Western Australia’s tallest tree species naturally occurs only in a small, relatively wet portion of the state’s southwest.
Karri – Eucalyptus diversicolour – is one of Australia’s tall Eucalypts; collectively, they are the world’s tallest flowering plants.
Karri is not the tallest of them, but the biggest karri trees are among “our” planet’s most massive living individuals.
Counter-intuitive, but true: Europe’s tallest (reliably measured) tree is a karri, planted circa 130 years ago in Portugal.
The Karri Knight (circa 75 metres) is a little shorter than is the tallest WA-resident karri.

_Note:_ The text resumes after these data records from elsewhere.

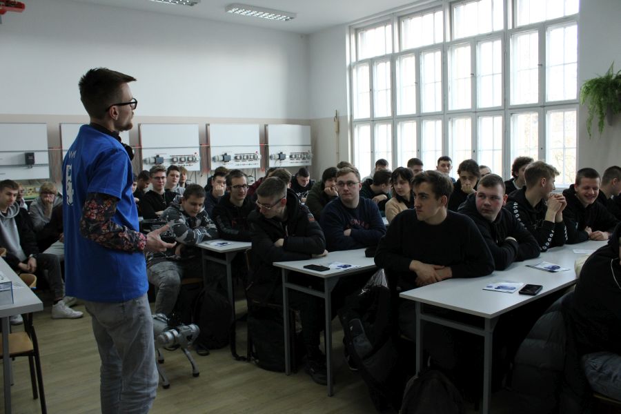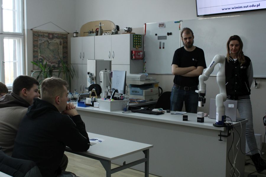 Podczas spotkania uczniowie otrzymali informacje na temat Wydziału oraz oferowanych kierunków studiów, a także kształtowania swojej kariery zawodowej. Jako jeden z najbardziej zrobotyzowanych wydziałów w rejonie, przedstawiciele zaprezentowali dwa roboty.
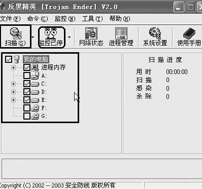 木马查杀功能是这款软件的最基本的功能,它可以对硬盘、内存等各种存储设备中的木马进行有效的查杀。该软件的查杀操作界面非常简洁(图1),只要勾选其中相应的查杀选项,如进程内存、硬盘盘符等,然后点击“扫描”按钮,就可以对内存和硬盘中的木马进行查杀。但大家一定要注意经常升级木马数据库,这样才能查杀最新的木马,Trojan Ender支持在线升级,点击“工具→在线升级”,就可以自动完成程序和木马数据库的更新。另外,查杀木马要以预防为主,Trojan Ender木马监控器一定要随时打开。
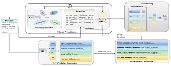 Figure 2 shows an overview of our method, including the following steps. In order to effectively extend the diversity of labels, we utilize the mutual information (MI) method to extract the features of each SATD type, which constructs the SATD verbalizer. Then, we refine the SATD verbalizer by contextual prior knowledge [34] to remove the low-frequency invalid words. Next, to improve the performance of the model, we obtain the weight of SATD features which employ the Chi-square (CHI) method to extract and obtain the predicted distribution of mask position on the SATD verbalizer by prompt tuning. Finally, we compute the average score of the SATD verbalizer in each type and map the predicted distribution into labels. Followed by employing a softmax function, we can accurately identify specific types of SATDs within issue-tracking systems.
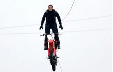 Tanpa pemeran pengganti (stuntmen), Tom Cruise terjun payung dengan motor trail saat syuting film Mission Impossible 7
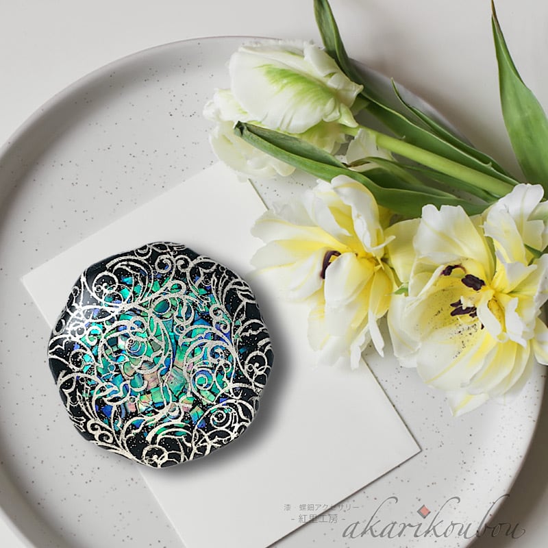 ブラックオパールのような輝きは螺鈿好きな方にもきっと喜んで頂けることでしょう。
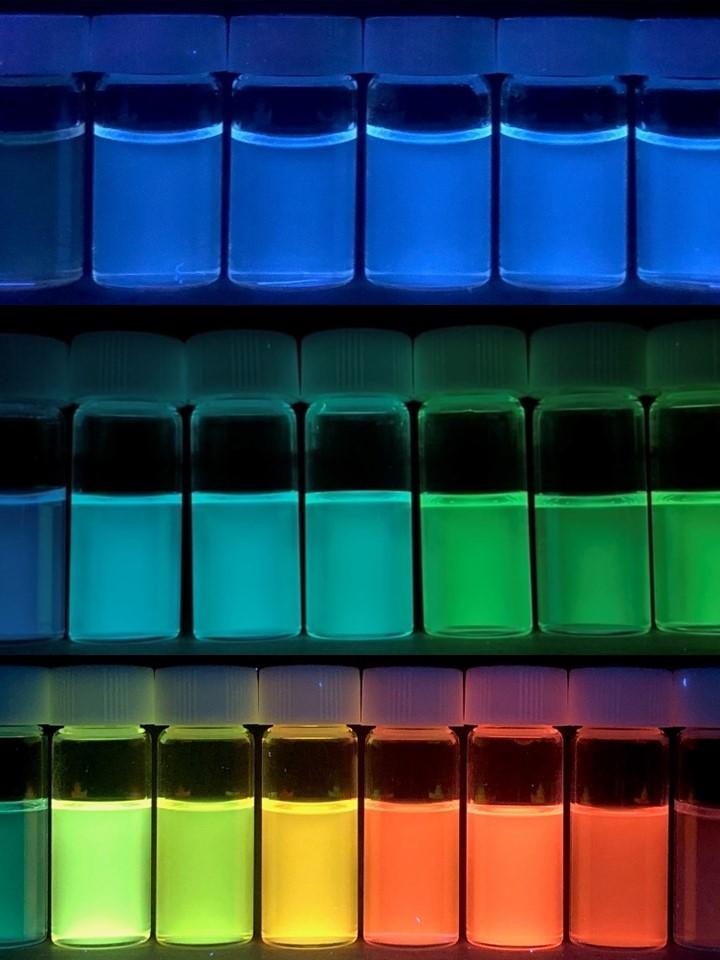 10 nm以下のサイズの量子ドット蛍光体は1990年代に登場しました。量子ドットは300℃以下の溶液中で作られます。高沸点の長鎖アルキル鎖をもつ表面修飾分子を含む溶媒中へ、原料を溶解した溶液を注入し、均一なサイズの単結晶ナノ粒子を瞬時に析出させます。表面修飾分子は、ナノ粒子表面へ吸着し、粒子の成長を抑制する役割と、アルキル鎖による立体的な反発により溶媒中での粒子の凝集を抑制し、安定な分散性をもたらす役割を果たします。このように、量子ドットは「ナノサイズである」、「溶液中で作る」ということから、上述の業界の常識では考えられない材料でした。

Virgin karri forest is extraordinarily beautiful, and can only be experienced in a small number of Western Australian places.
Warren National Park has no peer, at least among those which are readily 2WD-accessible.
In the featured (monochrome) image you can see the crowns of some massive karri trees, as reflected in the surface of the Warren River at 4.57 pm on August 18, 2025.
Also visible – and not just “as reflected” – are some of the other tree species that comprise a mature karri forest’s always-lovely understorey.
A forthcoming post (or two) in this series will show more of what we saw on that late winter afternoon.
The photos below show the shining trunks of two relatively young trees.
These photos were taken two days earlier, when we were briefly in Warren National Park, en route to the Yeagarup Dunes, and Yeagarup Beach, where the Warren River meets the Southern Ocean.

I’d guesstimate the pictured “shiny” trees’ age at circa 40 years.
At that age, a healthy karri is already impressively tall and straight.
At age 100 years it will likely have attained very nearly its full height.
However, if it survives for a further couple of centuries, that tree’s girth will continue to expand.
The much more massive “background” karri in these two photos are examples of that process.
Many of the “giants” in this forest have been “de-crowned” by one or more winter storms; most survive such events, and continue to increase their mass..until fire or water stress eventually defeat them.
A really big karri can yield 200 cubic metres – more than 7,000 cubic feet – of excellent timber.

Click here for a photo gallery of tall eucalypts.
The nearest of Australia’s other tall eucalypt forests are more than 3,000 kilometres away.
WA’s Karri forests now cover fewer than 2,000 square kilometres – an area less than half the size of Kangaroo Island.